CUMHURBAŞKANIMIZ HEP YANIMIZDA
Olimpiyatlar sürerken Sayın Cumhurbaşkanımız ATV ortak yayınında "Mehmet Bey Tokyo'dan dönsün bir değerlendirme yapacağız" dedi. Siz kendisi için nasıl bir rapor hazırladınız?
Sayın Cumhurbaşkanımızın spora ve sporcuya olan ilgisi herkesin mâlumu… Kendileri, hepimizin bildiği gibi gençlik yıllarından itibaren sporla iç içe bir hayat sürmüştür. İBB Başkanlığı döneminden beri spora ve sporculara destekleriyle, hepimize ilham olmuş, rehberlik etmiştir. Sporcularımızın müsabakalarını yakından takip etmeleri ve her koşulda yanında olmaları, elbette sporcularımız için de büyük bir motivasyon kaynağı. Sporumuzun ve sporcumuzun daha çok gelişmesi için destekleriyle daima yanımızdalar.
TÜRK MİLLETİ ADINA TÜM SPORCULARIMIZA TEŞEKKÜR EDİYORUM
Madalya alan sporcularımızla ilgili sık sık konuşuyoruz. Ama aslında toplamda 108 sporcumuz olimpiyatlarda ülkemizi temsil etti. Neler söylemek istersiniz?

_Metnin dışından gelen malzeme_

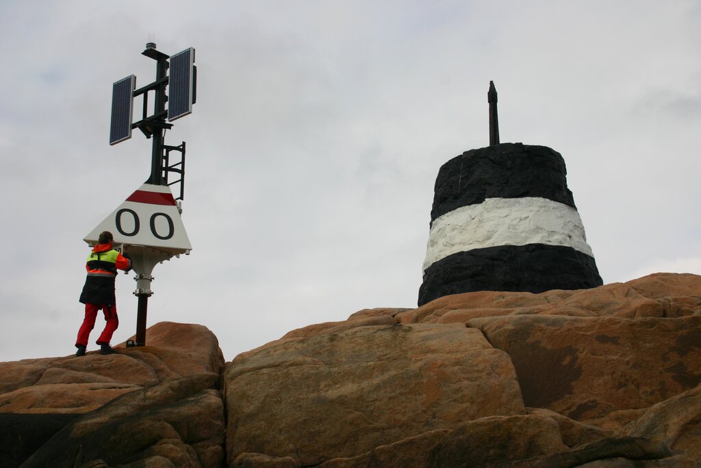 Person i sikkerhetsutstyr inspiserer soldrevet navigasjonsfyr på en steinete kyst nær et svart- og hvitstripete fyrtårn.
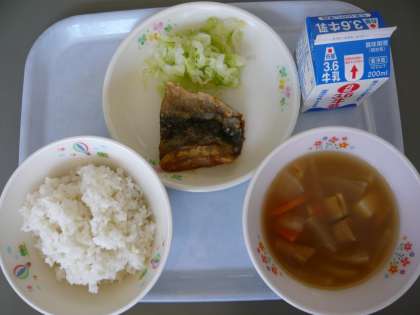 今日の給食 10月9日 公開日 2019/10/09 更新日 2019/10/09 給食 ・牛乳 ・麦ごはん ・さんまの蒲焼き ・塩キャベツ ・五目汁 今日は季節のサンマの蒲焼きでした。サクッと揚がっていておいしいと好評でした。 いいね(0)
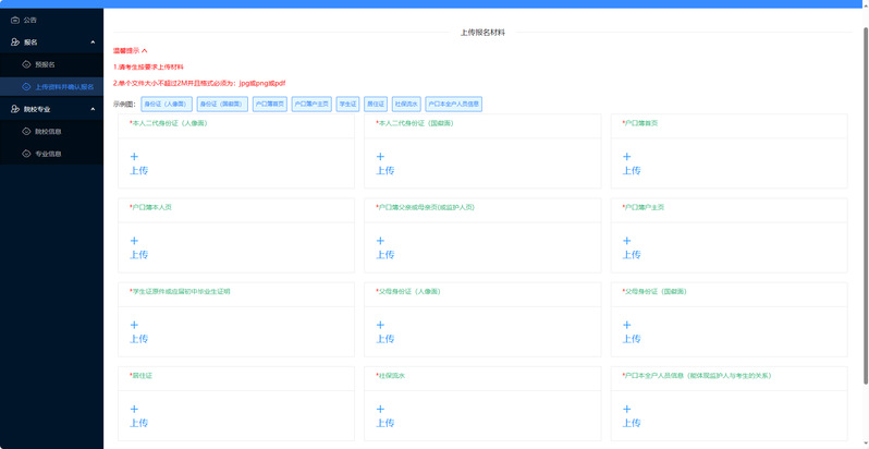(5)随迁子女考生还需上传父母身份证、居住证、社保流水、户口本全户人员信息(能体现监护人与考生的关系)

Biz bazen sonuca o kadar çok odaklanıyoruz ki, sporun o katılımcı ruhunu es geçebiliyoruz. Ben sporcularımızı Tokyo'ya uğurlarken "Sağ salim gidin gelin, güzel anılar biriktirin ve ülkemizi layığıyla temsil edin" demiştim. Olimpiyatlara katılan her sporcu zaten kendi aralarında başarılarını kanıtlamış ve bu oyunlarda seçilmiş kişi olarak performans gösteren sporculardır. 108 sporcumuz da "Elit sporcu" mertebesindeydi. Ülkelerin dönemsel olarak başarılı oldukları, zaman zaman düşüş yaşadıkları branşlar vardır. Biz başarı ve başarısızlığı isimler üzerinden değerlendirmiyoruz. Bu olimpiyatlarda birçok ilki yaşadığımız gibi gelişmemiz gereken alanlara ilişkin tespitlerimizi de yaptık. Sporcularımızı bütün süreç boyunca yakından takip ettim. Hepsi, çalışmaları ve disiplinleriyle olimpiyatlara katılma şansı bularak bizi gururlandırdı. Bu vesileyle şahsım ve Türk milleti adına tüm sporcularımıza teşekkür ediyorum.